POC Seeker supports a range of command-line options that enable users to customize their search for CVEs and associated PoCs. Below is a detailed explanation of each option:

  • -h | --help

    • Description: Displays a helpful menu that includes all command-line options along with a brief description of what they do. This option is useful for getting a quick overview of the tool's capabilities.
    • Example: ./poc-seeker.sh --help

  • -e | --extensions

    • Description: Supply a list of file extensions separated by a comma and are optional; if not provided, the tool uses a default list. Make sure to select them correctly otherwise the script may not provide you non accurate results.
    • Default Extensions: .py,.rb,.pl,.sh,.ps1,.bat,.js,.php,.c,.cpp,.go,.lua,.rs,.swift
    • Example: ./poc-seeker.sh --query "CVE-2023-40028" -e ".sh,.py"

  • -q | --query

    • Description: Allows the user to provide a search query, which is mandatory for performing a search. The query can be a specific CVE identifier, a keyword, or any other term related to the vulnerabilities you're interested in.
    • Example: ./poc-seeker.sh --query "CVE-2023-40028"

  • -s | --source

    • Description: Enables specifying the sources from which to fetch the PoCs. The sources are separated by a comma and are optional; if not provided, the tool uses a default list of sources.
    • Default Sources: github, sploitus, exploit-db, vulnerability-lab, packetstormsecurity
    • Example: ./poc-seeker.sh --query "CVE-2023-40028" --source "github,exploit-db"

  • -c | --check

    • Description: Activates a precise checking mechanism to ensure that the CVE identifier is explicitly mentioned in the exploit, thereby improving the accuracy of the search results. This option is optional but recommended for more accurate filtering.
    • Example: ./poc-seeker.sh --check --query "CVE-2023-40028"

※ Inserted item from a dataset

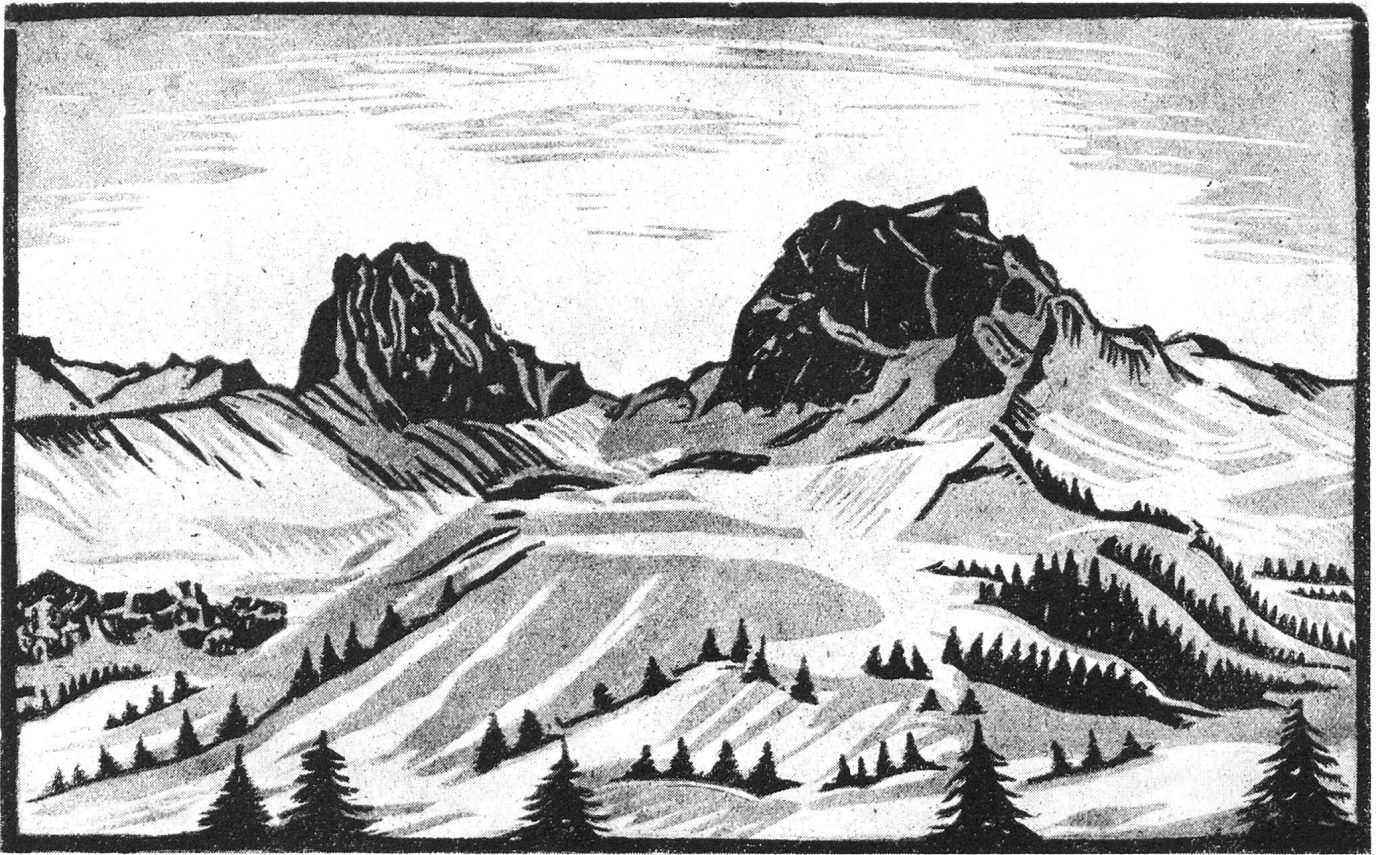
Nüenen mit Gantrist

Nach Original-Holzchnitt von Fr. Schuler, Wattenwil

  • -sl | --sploitus-limit

    • Description: Sets a limit on the number of entries returned by Sploitus, allowing users to control the volume of data fetched. This is optional and can help in managing the output more effectively.
    • Default Limit: 10
    • Example: ./poc-seeker.sh --sploitus-limit 20 --query "CVE-2023-40028"

  • -gl | --github-limit

    • Description: Sets a limit on the number of entries returned by GitHub, allowing users to control the volume of data fetched. This is optional and can help in managing the output more effectively.
    • Default Limit: 10
    • Example: ./poc-seeker.sh --github-limit 20 --query "CVE-2023-40028"

  • -o | --output

    • Description: Saves the output of the search to a file. This option is beneficial for users who wish to review the results at a later time or keep a record of their searches.
    • Example: ./poc-seeker.sh --query "CVE-2023-40028" --output "search_results.txt"

  • --github-access-token

    • Description: Accepts a GitHub access token to increase the API request limit, enabling more extensive data fetching operations without hitting the rate limits. This is optional but can be very useful for heavy users.
    • Example: ./poc-seeker.sh --query "CVE-2023-40028" --github-access-token "your_token_here"

  • --nvd-api-key

    • Description: Provides an API key for the National Vulnerability Database (NVD) to increase the API request limit, similar to the GitHub access token. This option is optional and helps in conducting broader searches.
    • Example: ./poc-seeker.sh --query "CVE-2023-40028" --nvd-api-key "your_api_key_here"

  • --disable-nvd

    • Description: By default, the script will try to collect CVE information from the National Vulnerability Database (NVD) database. You can use this option to prevent the script from collecting this informations.
    • Example: ./poc-seeker.sh --query "CVE-2023-40028" --disable-nvd

Disclaimer

This repository and all associated files and resources are provided for research purposes only. The tools and information contained within this repository are intended to support security research and educational purposes. This includes the use of web scraping technologies to gather data relevant to the research being conducted.

Users must comply with all applicable laws and regulations regarding web scraping and data collection. The owner and contributors of this repository do not accept any responsibility for misuse of the information provided here or for any legal consequences or damages arising from such use.